Gender Diaries: Brandon Tan

As the world continues to push against gender constructs, the conversation around how people are identifying themselves is constantly evolving. Each week, MILK.XYZ will feature a guest editor writing about their specific relationship with gender and, often, where it intersects with fashion. This week, we feature writer and artist Brandon Tan.

Gender is a common fissure across the globe; one that has sustained centuries and continues to plague homes, schools and societies. Propagating certain standards, gender has trickled into the gears of almost all functions of life—particularly into those of self expression. While sex is born, gender is appointed; from there, it is standardized into sets of social behavior that are performed, expected and recycled.

Through these gender norms has developed a crisis of masculinity. A distinct feeling from my childhood was anxiety—anxious for liking the color pink, nervous for playing with my sister’s Barbies, guilty for wandering my mom’s wardrobe. These natural curiosities to explore my self-expression were combatted with immense fear. Fear of what, though? For years I had considered this, having come to the conclusion that it is shame which induces distress, causes our knees to buckle and prevents us from being ourselves.
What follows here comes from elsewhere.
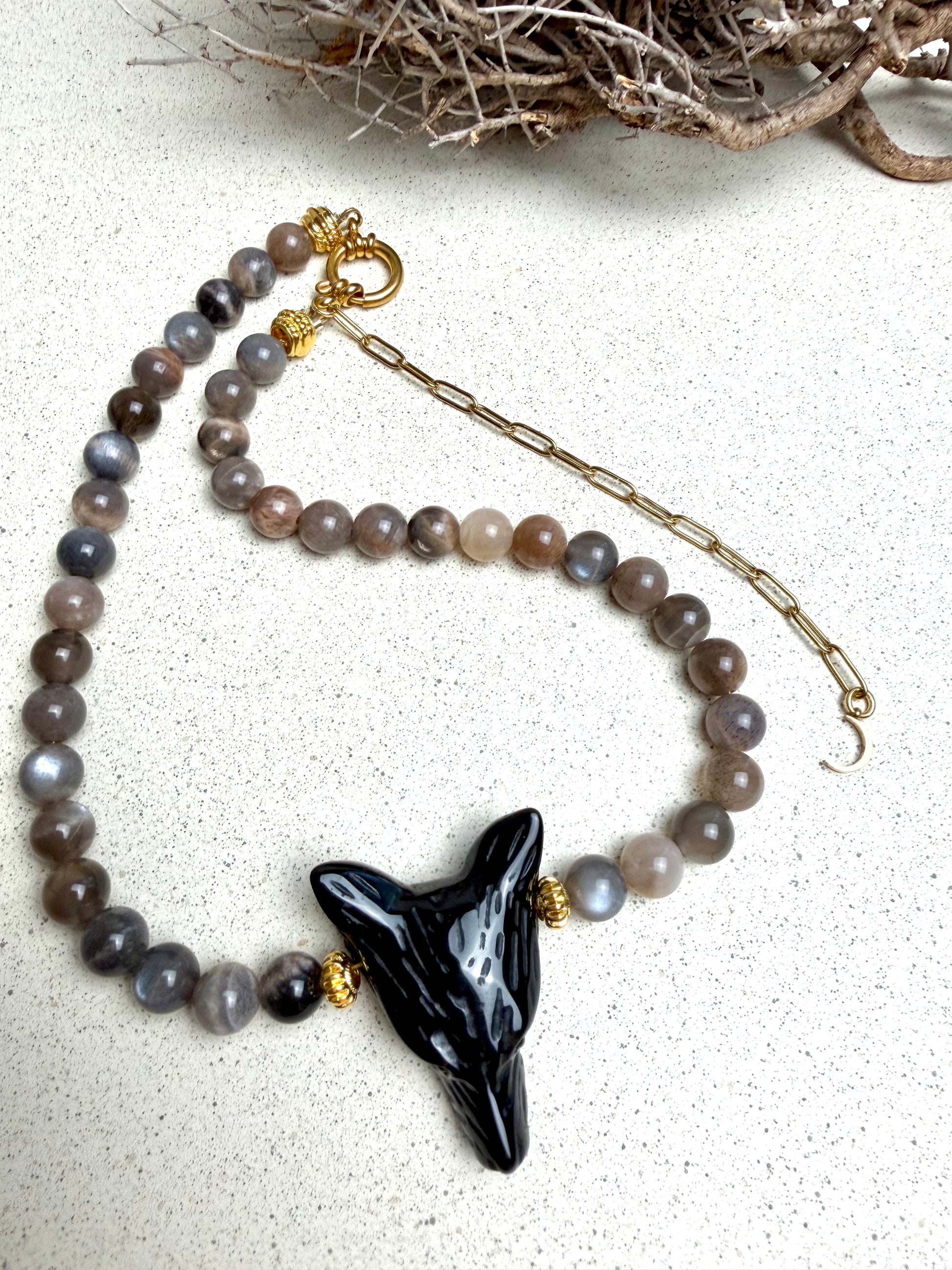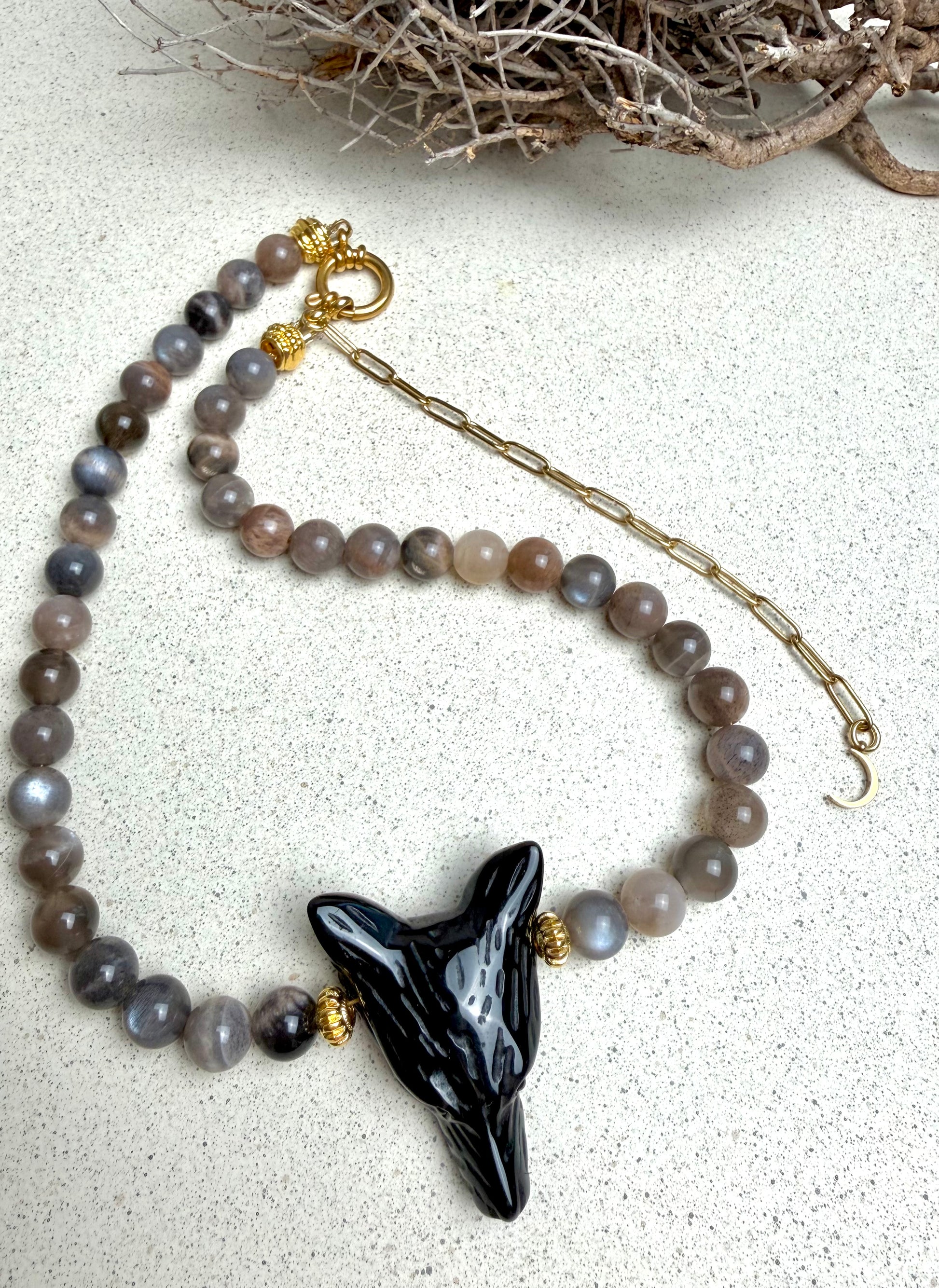 Wolf-Whisperer Shadow Kette – Obsidian & Dunkler Mondstein
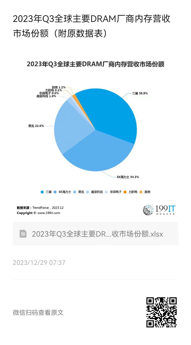 2023年Q3全球主要DRAM厂商内存营收市场份额(附原数据表) ​​​

Equipped as a sort of tool to control our nature, shame has been developed to ensure that we follow a certain set of values; that we remain civilized. Gendering is a part of this process as a method of categorization, to mold our behavior into codes for convenience—black and white, right and wrong, boy and girl. Anything beyond the margins was deemed “queer,” which by definition means “strange, odd, different.” That said, the once vague adjective has been so widely adopted, that it has assumed the position of umbrella term, now identifying an entire population of people who don’t quite fit the standards of gender and sexuality.

Though valiantly there has formed a vocal and mobilized opposition to the standards propagated by gender, the binary remains pervasive. It is all-encompassing, seemingly inescapable, but that is how it grasps the upper hand. Gender norms lurk in the crevices of society, hiding within moments that which you would not think to even consider, being thoughtlessly employed by masses, starting prior to even the birth of a child—think baby showers and gender reveal celebrations. Though simply acknowledging the binary will not cause it to disappear, there is much power in awareness. The more conscious we are of its oppressive nature, the more we can dilute its power. In doing so, we must ask questions, proving that we are not mindless consumers to the restrictive ideology.

Why is clothing gendered?

What is stopping a man from wearing dresses or skirts?

Why is makeup exclusively marketed towards women? 

What is the functional difference between men’s and women’s razors and deodorants?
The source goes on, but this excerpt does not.